Hadn’t one of her Well dreams ended that way? The two lovers chasing each other, one of them screaming as the ground had buckled and fallen beneath their feet: _come back, come back—my heart_ —

Solas had said raising the Veil had destroyed the Elvhen. He had witnessed its consequences firsthand. Had one of them been this—dissolving the connections between the islands, severing the eluvians from each other, leaving people trapped and helpless, or giving out beneath their feet? The very idea makes her stomach turn.

But when she approaches the edge, stones materialize from thin air, forming a thin walkway. Ariala’s eyes widen at the sight, and hesitantly, she reaches out a bare foot and presses her toe to the stone. It holds. When she leans forward, it still holds under her weight.

Oh, shit. This will be how she dies.

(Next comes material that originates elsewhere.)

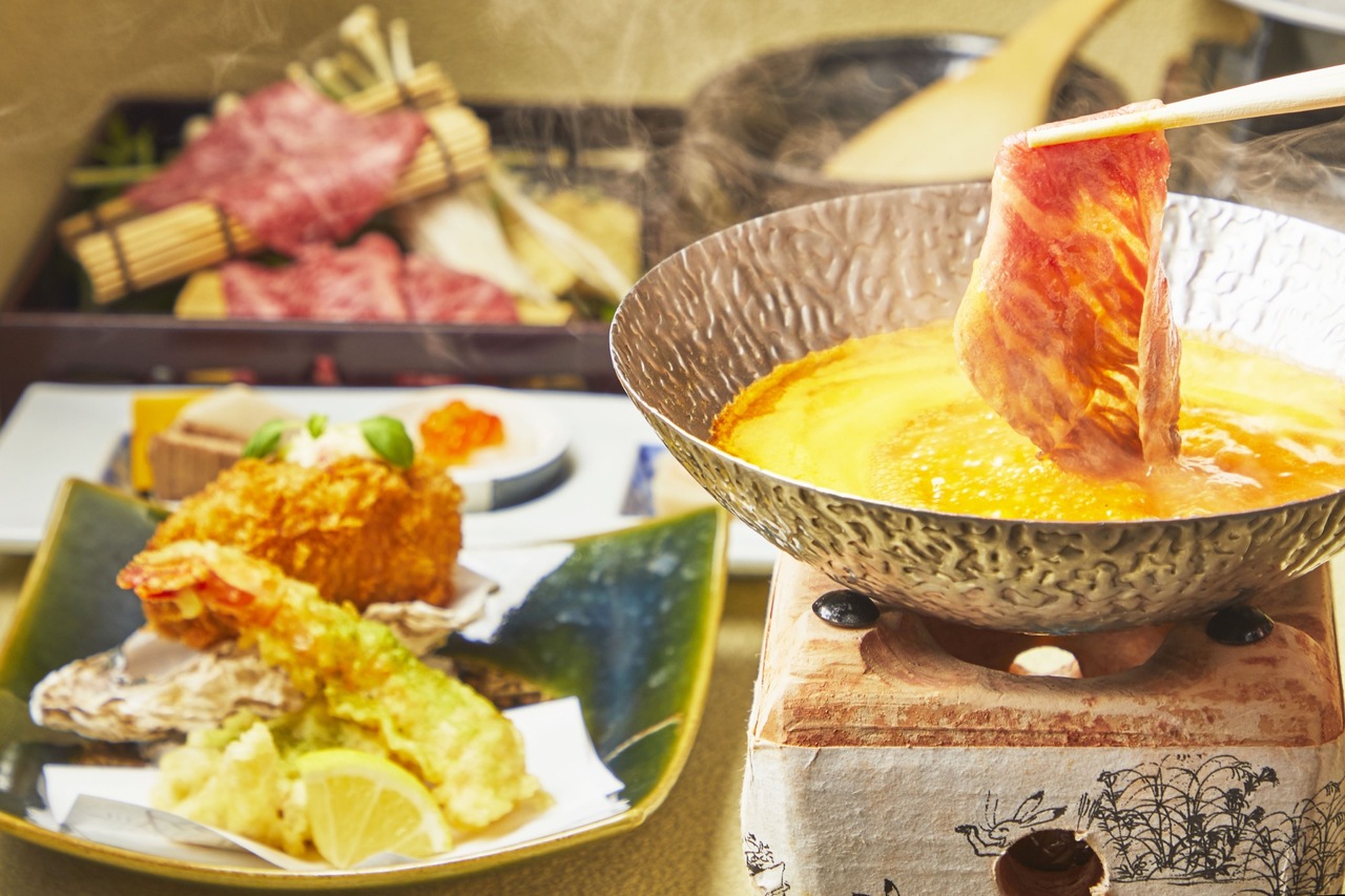 Pertanyaan untuk [The "Kiwami" course features luxurious spring ingredients and a choice of clay pot rice] "Small pot of golden broth shabu-shabu with cherry snapper," "Seared toro taku and wagyu beef sushi," "Spring salmon cutlet" and a choice of clay pot rice "Spring flavors of raw bacon and new potatoes in a clay pot or salmon roe and salmon roe rice"
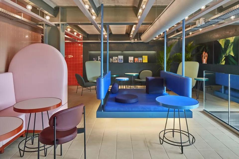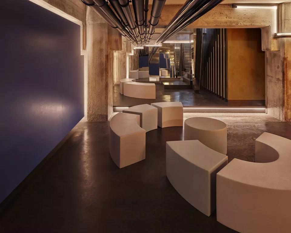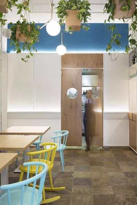 室內(nèi)的定制家具和精致的配色方案受到了陶瓷生產(chǎn)過程的啟發(fā):空間中的藍(lán)色、灰色、粉紅色和黃色涂料呼應(yīng)了生產(chǎn)工藝的開端,利用水和黏土塑造出類似于陶器模具的體量。陶器模具的形狀以及用于生產(chǎn)陶器的工具被再次利用,成為造型獨(dú)特的工業(yè)吊燈,并將室內(nèi)空間劃分為不同的區(qū)域。堅(jiān)硬的幾何形狀與柔軟黏土塑造出的形體共同構(gòu)成了大膽而和諧的內(nèi)部空間。

Here fell Ariala Lavellan, stupid enough to trust ancient magic she didn’t understand.

When she steps forward, heart hammering hard enough in her throat to make her nauseous, the stone holds, and the walkway extends a few feet. She walks forward, then back, watching the extra stones dissolve exactly as the mosaic had in the sanctuary.

Huh. Maybe this bridge hadn’t given out, then.

She adjusts Solas’s backpack and keeps walking, pushing down her uneasiness. The dead can’t come first, this time—there’s still so much to learn.

— ✦ —

It takes her three days of exploring the eluvian network before she realizes she’s on the trail of whoever is responsible for its gradual rebuilding—and she realizes that the person is aware of her presence. She returns to an abandoned Ferelden throne room for the second time, only to realize that the broken eluvian in the corner—not the one she’d used, behind the empty throne—has been repaired, and is glowing expectantly.   

Every eluvian she finds after that is also open, and doesn’t need to be activated by the passcode.

She doesn’t know what that means, but she marks it down in her journal anyway. She’s slowly but surely making a map of the eluvians, trying to sketch out in stick figures the places she’s visited—the sanctuary, the courtyard, various floating isles of rock, other empty, abandoned places—and drawing connections between the eluvians, each of them labeled with their destination.

The fourth night, the Anchor’s agony wakes her up. Her screams echo in the half-rotted little room she’s camped in, spilling through the slitted rectangle windows and into the open air of the Crossroads, and the pain doesn’t end for what must be hours. When it finally ends, Ariala sags onto her back, looking outside for any indication that time has passed—but the world is still as bright and colorful as it had been when it had started.

She doesn’t have the energy to get out of her bedroll. Instead, she opens her journal and flips pages to the snippets she has written down: butchered phonetic spellings of Elvhen, and the impressions certain locations she’s discovered have given her.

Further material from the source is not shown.